(Dataset records)
____

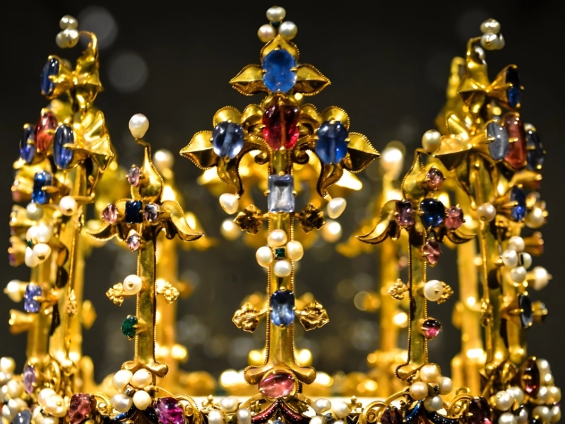 With a history dating back to 1370, the Palatine Crown—also known as the Crown of Princess Blanche—is the oldest royal crown to have existed in England. The Royal Residence Treasury in Munich is home to the Palatine Crown, which is crafted from diamonds, gold, rubies, emeralds, enamel, sapphires, and pearls.
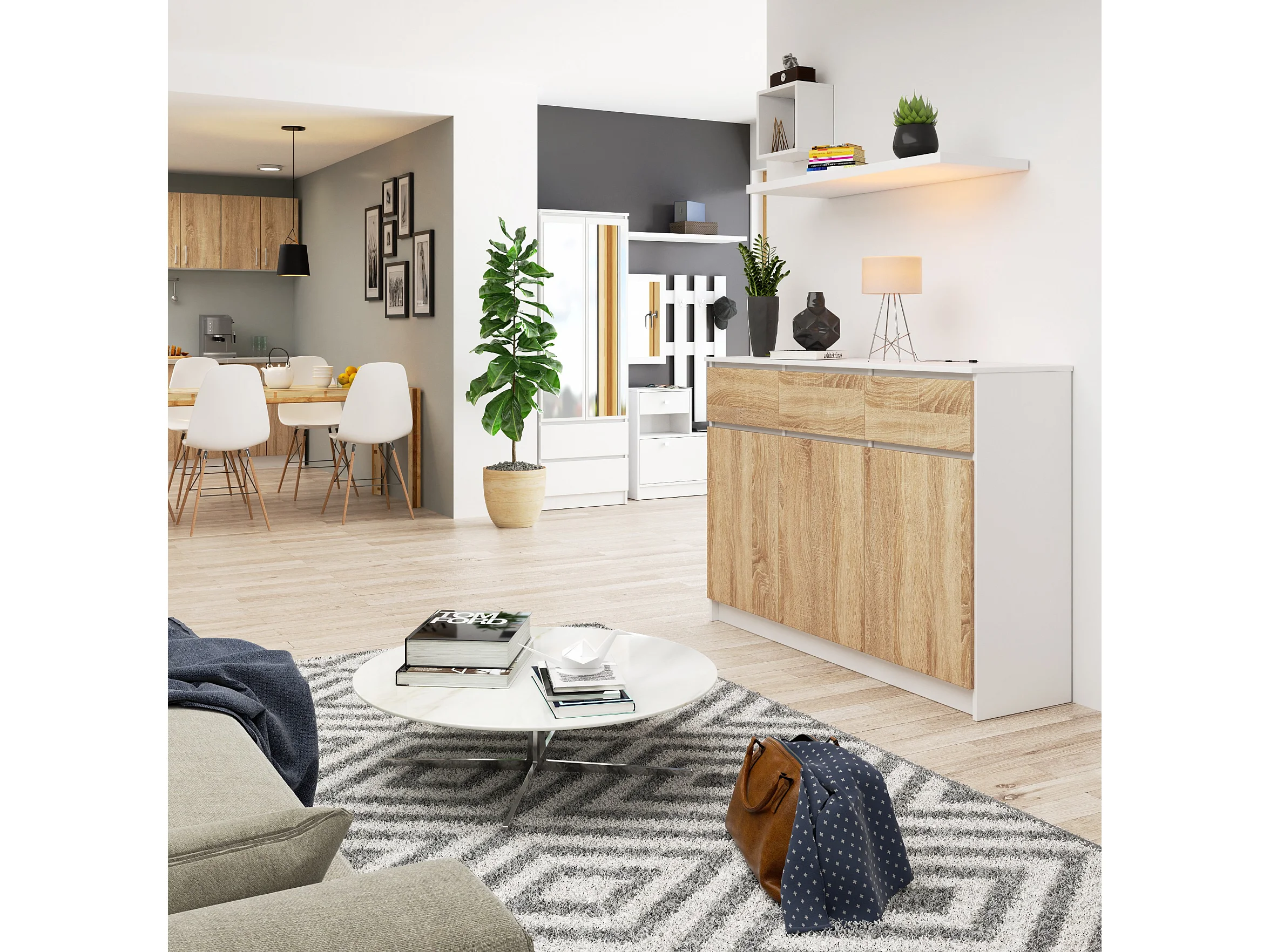 Commode AKORD K140 Blanche 138 cm 3 portes 3 tiroirs façade Chêne Sonoma 6 étagères 138x40x99 cm
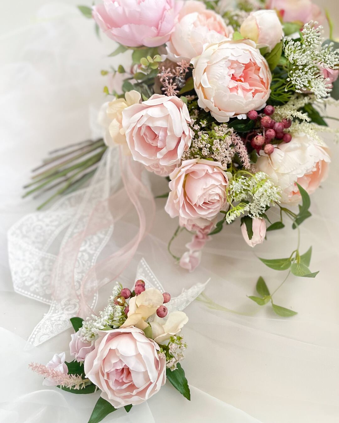 アーティフィシャルフラワー(高品質造花)でお作りしたブライダルブーケとブートニアです⭐︎
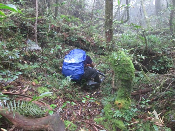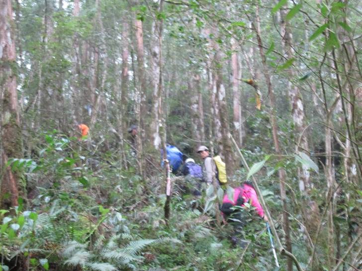 蘇迪勒颱風之後,就沒登山客來過吧!張領隊在前面辛苦除路障,找路,素雲姐壓隊
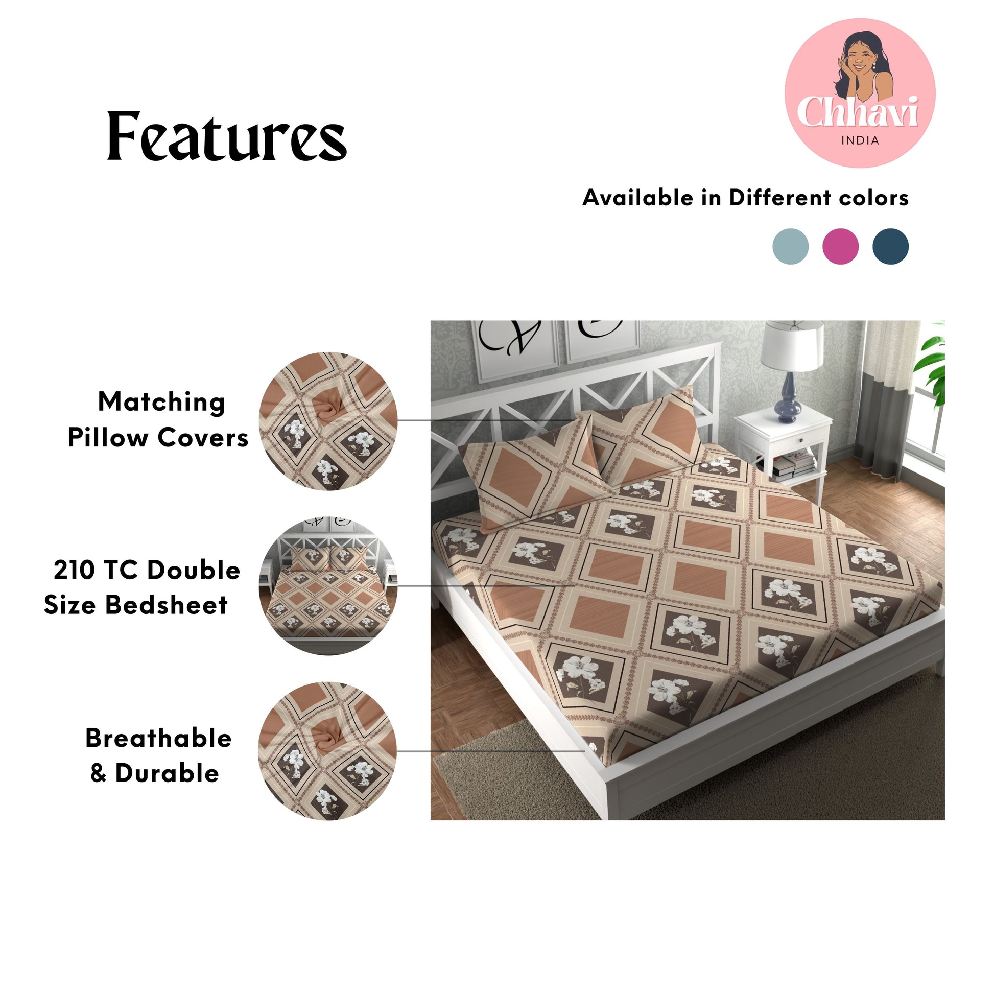 Give your bedroom a stylish makeover with this beautiful Double Bedsheet from CHHAVI INDIA Inspired by nature, the bedsheet is 100% premium quality microfiber that is soft to touch and comfortable on the skin. It delivers maximum relaxation and comfort while sleeping. Suitable for all seasons and a perfect addition to your bedroom linen!
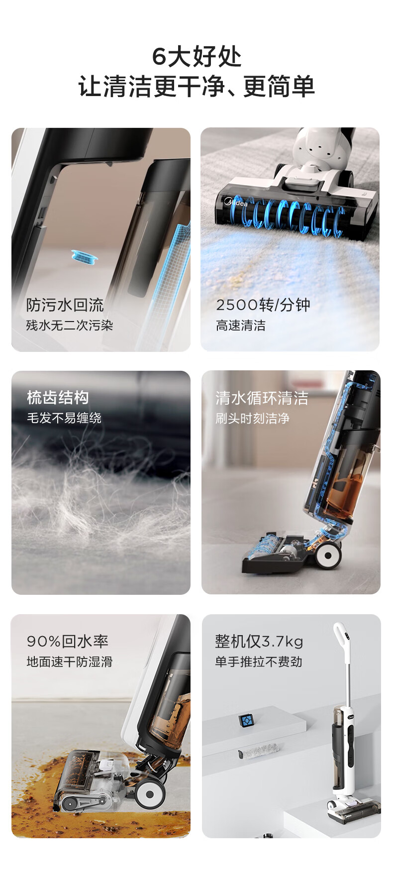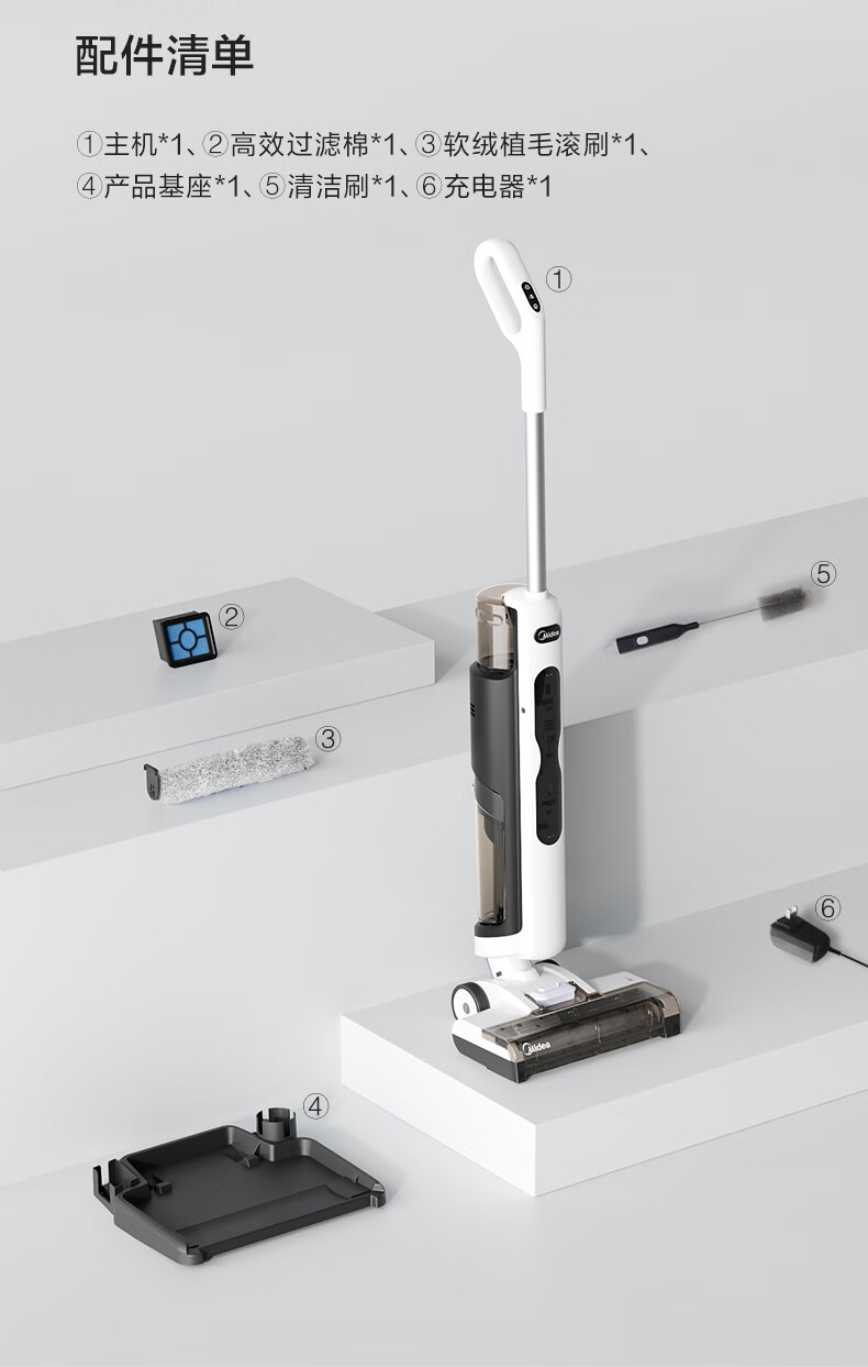 美的(Midea) 深度清洁无尘感洗地机X7家用吸拖洗一体自动清洁机 无线智能除菌洗地机 X7洗地机

____

__AIM OF THE EXERCISE__:
Transcribe all the records above word for word, without their images.

__REPLY TO THE TASK__:
 With a history dating back to 1370, the Palatine Crown—also known as the Crown of Princess Blanche—is the oldest royal crown to have existed in England. The Royal Residence Treasury in Munich is home to the Palatine Crown, which is crafted from diamonds, gold, rubies, emeralds, enamel, sapphires, and pearls.
 Commode AKORD K140 Blanche 138 cm 3 portes 3 tiroirs façade Chêne Sonoma 6 étagères 138x40x99 cm
 アーティフィシャルフラワー(高品質造花)でお作りしたブライダルブーケとブートニアです⭐︎
 蘇迪勒颱風之後,就沒登山客來過吧!張領隊在前面辛苦除路障,找路,素雲姐壓隊
 Give your bedroom a stylish makeover with this beautiful Double Bedsheet from CHHAVI INDIA Inspired by nature, the bedsheet is 100% premium quality microfiber that is soft to touch and comfortable on the skin. It delivers maximum relaxation and comfort while sleeping. Suitable for all seasons and a perfect addition to your bedroom linen!
 美的(Midea) 深度清洁无尘感洗地机X7家用吸拖洗一体自动清洁机 无线智能除菌洗地机 X7洗地机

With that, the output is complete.